Data for processing:
<<<<
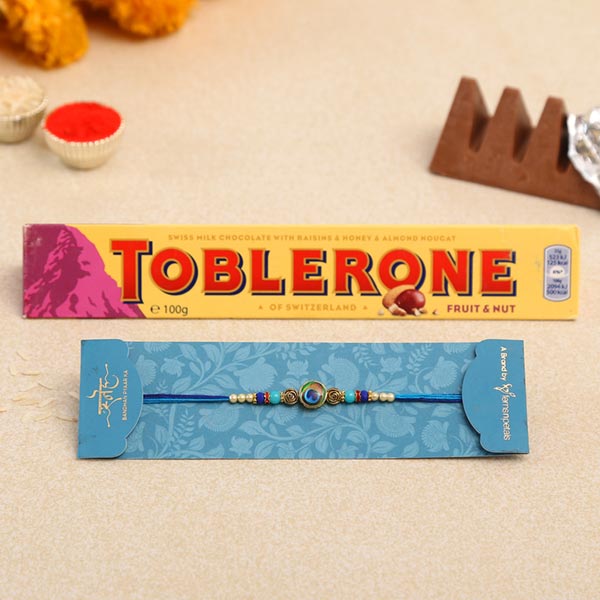 Product Details: One Pearl & Mauli Rakhi, This rakhi showcases pearl detailing for a serene look, Toblerone Chocolate Milk Bar, Weight- 100 gms, Complimentary Roli Chawal packed in a small card, Beautifully packed in Sneh Box
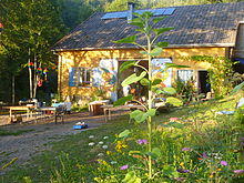 In keeping with hippie, neopagan, and eco-feminist trends of the time, gatherings were held out-of-doors in natural settings.[13] To this end, distinct Radical Faerie communities have created sanctuaries that are "close to the land".[14]
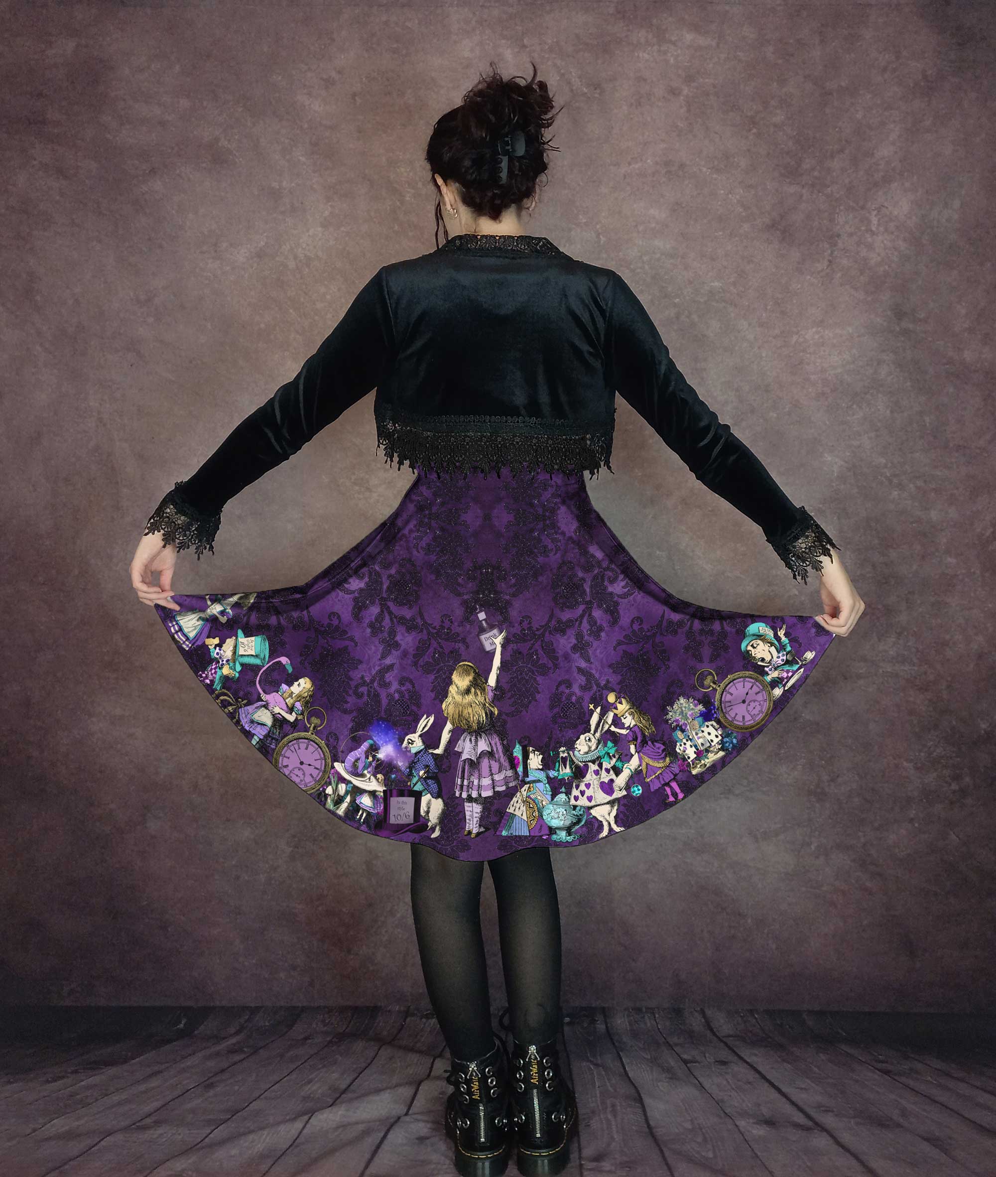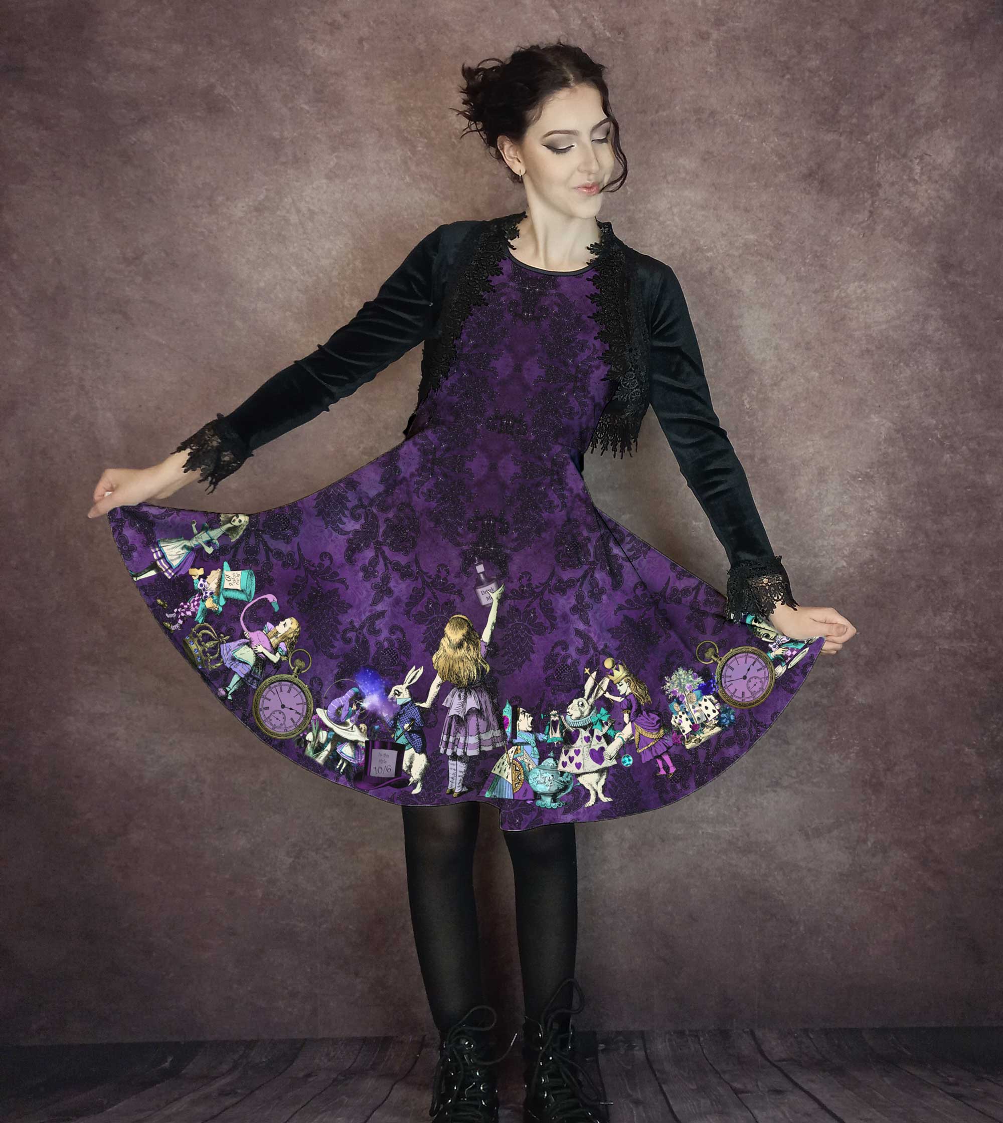Alice in Wonderland Purple Party Dress - Plus Size Friendly - Thicker Fabric Style
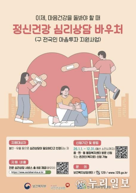 (누리일보) 성남시는 우울, 불안, 스트레스 등으로 정서적 어려움을 겪는 시민을 위해 ‘정신건강 심리상담 바우처 사업(옛 전국민 마음투자 지원사업)’을 시행한다고 9일 밝혔다.
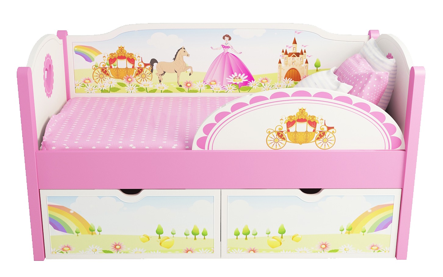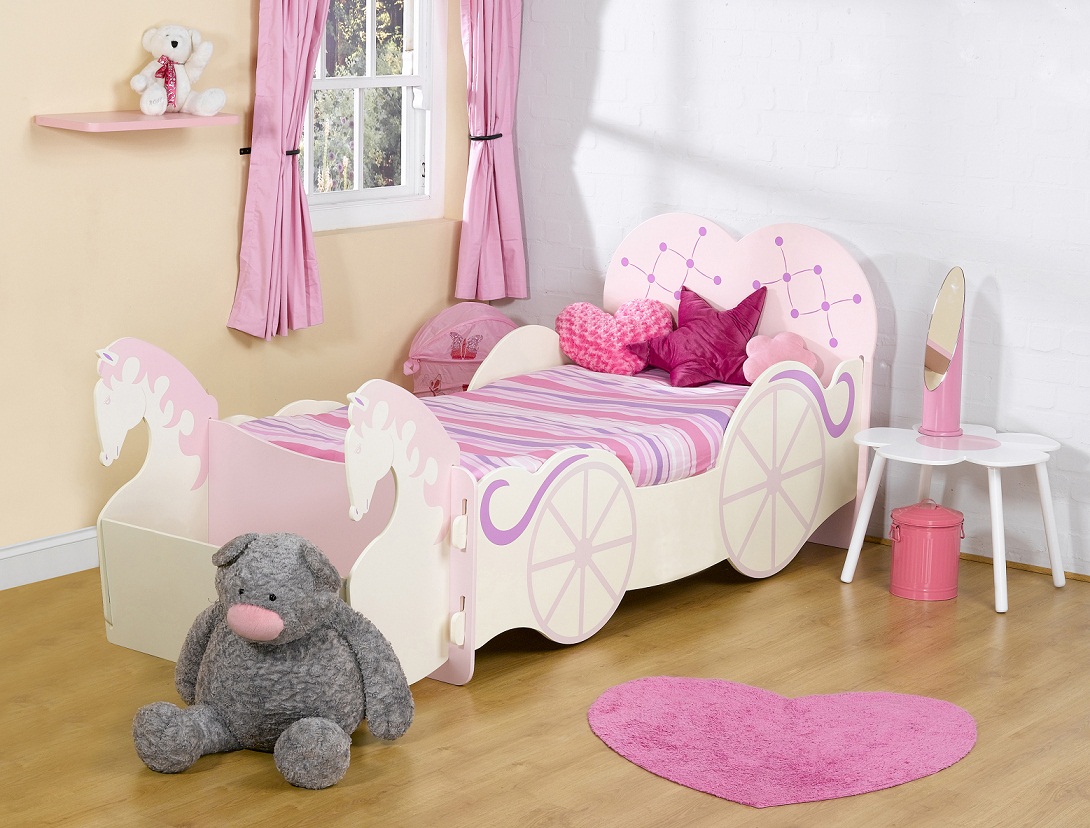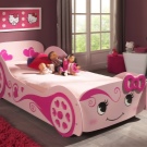 Wenn die Jungen Betten in Form von Maschinen mögen, dann freuen sich die Mädchen über die Schlafzimmermöbel in Form einer fabelhaften Kutsche.Seine Abmessungen können den Parametern des Raums entsprechen. Die Seitenteile können niedrig sein - die Seiten simulieren die Wände des Wagens. Und sie können auch eine integrale Konstruktion sein, die eine echte Kutsche ist - mit Fenstern und einem Eingang. Nachts kannst du darin schlafen und schöne Träume sehen. Und am Nachmittag - drinnen klettern und spielen.
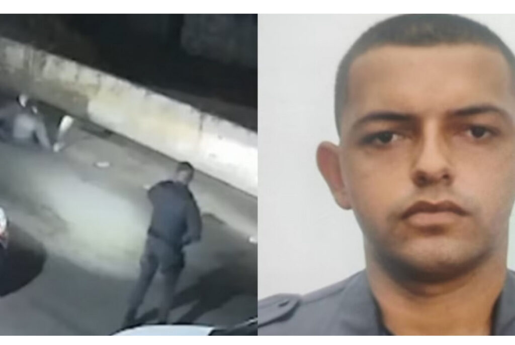 A gravação registra o momento em que o soldado sinaliza para o primeiro veículo parar. Diante da desobediência, o agente tenta interceptar a segunda motocicleta, mas é atingido e cai. Na sequência, a terceira e a quarta moto o atropelam.
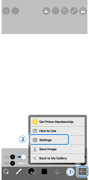 点击 ①[ 返回按钮 ],然后选择②[ 设置 ]。
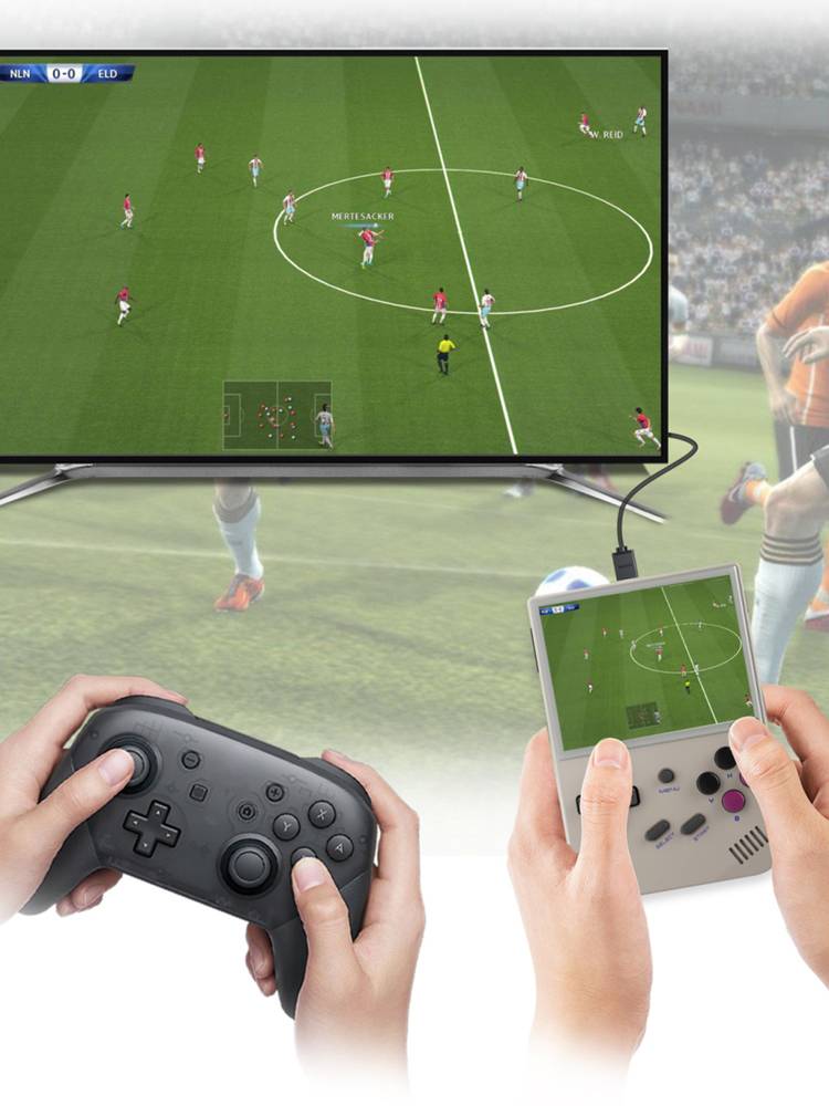 [Поддержка 2 плееров и выходного телевизора] RG35XX поддерживает подключение беспроводного контроллера 2,4G и проводного контроллера, выходного телевизора, вибромотора. В свободное время друзья и родственники участвуют в сотрудничестве или конкурсах, что также является хорошим помощником для близких отношений.
>>>>
Work instruction: Please print the lines exactly, from the top of the material through the line with "Wenn die Jungen", and omit the pictures.

Solution for this exercise:
 Product Details: One Pearl & Mauli Rakhi, This rakhi showcases pearl detailing for a serene look, Toblerone Chocolate Milk Bar, Weight- 100 gms, Complimentary Roli Chawal packed in a small card, Beautifully packed in Sneh Box
 In keeping with hippie, neopagan, and eco-feminist trends of the time, gatherings were held out-of-doors in natural settings.[13] To this end, distinct Radical Faerie communities have created sanctuaries that are "close to the land".[14]
Alice in Wonderland Purple Party Dress - Plus Size Friendly - Thicker Fabric Style
 (누리일보) 성남시는 우울, 불안, 스트레스 등으로 정서적 어려움을 겪는 시민을 위해 ‘정신건강 심리상담 바우처 사업(옛 전국민 마음투자 지원사업)’을 시행한다고 9일 밝혔다.
 Wenn die Jungen Betten in Form von Maschinen mögen, dann freuen sich die Mädchen über die Schlafzimmermöbel in Form einer fabelhaften Kutsche.Seine Abmessungen können den Parametern des Raums entsprechen. Die Seitenteile können niedrig sein - die Seiten simulieren die Wände des Wagens. Und sie können auch eine integrale Konstruktion sein, die eine echte Kutsche ist - mit Fenstern und einem Eingang. Nachts kannst du darin schlafen und schöne Träume sehen. Und am Nachmittag - drinnen klettern und spielen.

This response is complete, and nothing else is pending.